Informed consent from the patients family and an Institutional ethics committee approval was obtained to report this rare presentation. Our patient is a well preserved 13 year old girl, who presented to another hospital with features of sudden onset upper abdominal pain associated with giddiness. She was initially treated elsewhere, received blood transfusion (for a haemoglobin level of 6g %), symptomatic management and cross sectional imaging (Contrast Enhanced CT). She was referred to us for further management. Patient was stable when she was first seen by us. General examination was unremarkable, abdominal examination revealed a swelling in the epigastric and left hypochondrial regions associated with tenderness. CT images were reviewed and she was planned for surgery in view of features of a ruptured pancreatic neoplasm (Figure 1a,b,c).

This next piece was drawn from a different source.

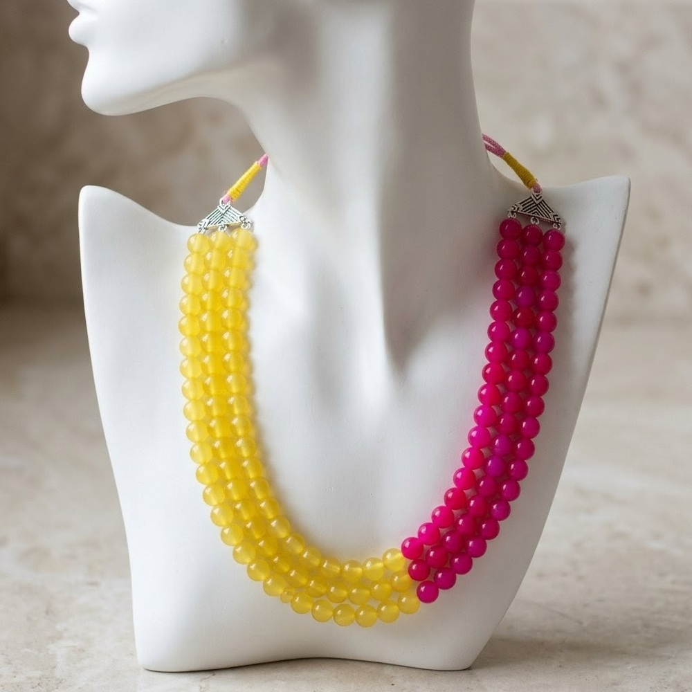 This handcrafted handmade jewelry glass stone dual tone necklace is a striking blend of bold color and artisan craftsmanship. Designed with vibrant yellow and pink glass stones, this piece creates a powerful visual contrast that instantly elevates your style.

Figure 1. (a, b). CECT images showing a large heterogenous mass lesion in the distal pancreas. (b). Operative image showing rupture.

Laparotomy was performed with a roof top incision. Altered blood was noted in the peritoneal cavity. There was a large mass in the lesser sac protruding through the gastro-colic omentum. Lesion was extending from the supra renal region till the upper pole of spleen with adhesions to the splenic capsule, necessitating splenectomy. A distal pancreatico-splenectomy was completed within 90 mins, with a blood loss approximately 200 ml. Patient was discharged on the 7th postoperative day after an uneventful course (Figure 2). Final histopathology was a solid pseudo papillary tumor of the tail of pancreas with no evidence of atypical features, associated with rupture. Immunohisto chemical profile was done and tested for vimentin, neuron specific enolase, chromogrannin –A, pan cytokeratin, CD10, EMA, Synaptophysisn and the result was positive for Vimentin and Neuron Specific Enolase (Figure 3) which were in favour of the diagnosis of Solid Pseudo papillary Tumor. She has been under follow up for the past one and a half year and no disease has been identified clinic radiologically.


Figure 2. Features suggestive pseudopapillary tumor. HPE x 400 Tumor tissues with prominent vascularity and pseudo papillae with no nuclear atypical features.


Figure 3. Immuno Histochemistry. (a). vimentin – positive, (b). neuron specific enolase- focal positive, (c). chromogrannin a – negative, (d). PAN cytokeratin – negative.


SPN’s are known to behave indolent and frequently present with vague abdominal symptoms. In a large review, these tumors were found to present most commonly with abdominal pain (47%) followed by swelling (35%) [3]. In this case there was an aggressive presentation of the tumor in the form of spontaneous rupture. 17 cases of SPT rupture have been reported in literature so far with 10 cases of traumatic rupture and 7 cases of spontaneous rupture [4, 5, 6, 7, 8, 9, 10, 11, 12, 13, 14, 15, 16, 17, 18]. Spontaneous rupture is a very rare complication, reported less than 1% [14]. SPN’s usually show significant degenerative component, hence the rupture may be explained by sudden increase in the intracavitary pressure due to a bleed, infection or necrosis. It is known that any ruptured neoplasm can potentially lead to implantation of the tumor cells in the peritoneal cavity and portends a poor prognosis in most of the intra abdominal malignancies, however this does not preclude surgical intervention in the case of SPN [19]. As most of these lesions are benign/ borderline malignancies a complete extirpation must be attempted due to the favourable biology, even though a risk of recurrence exists [20]. Patients with metastatic disease are still expected to have a long survival [21] and resection of metastatic disease is advocatedwhen feasible.


Our patient was followed up for one year till date and there is no evidence of disease clinico-radiologically.

Conflict of Interest

The authors have no conflicts of interests to declare.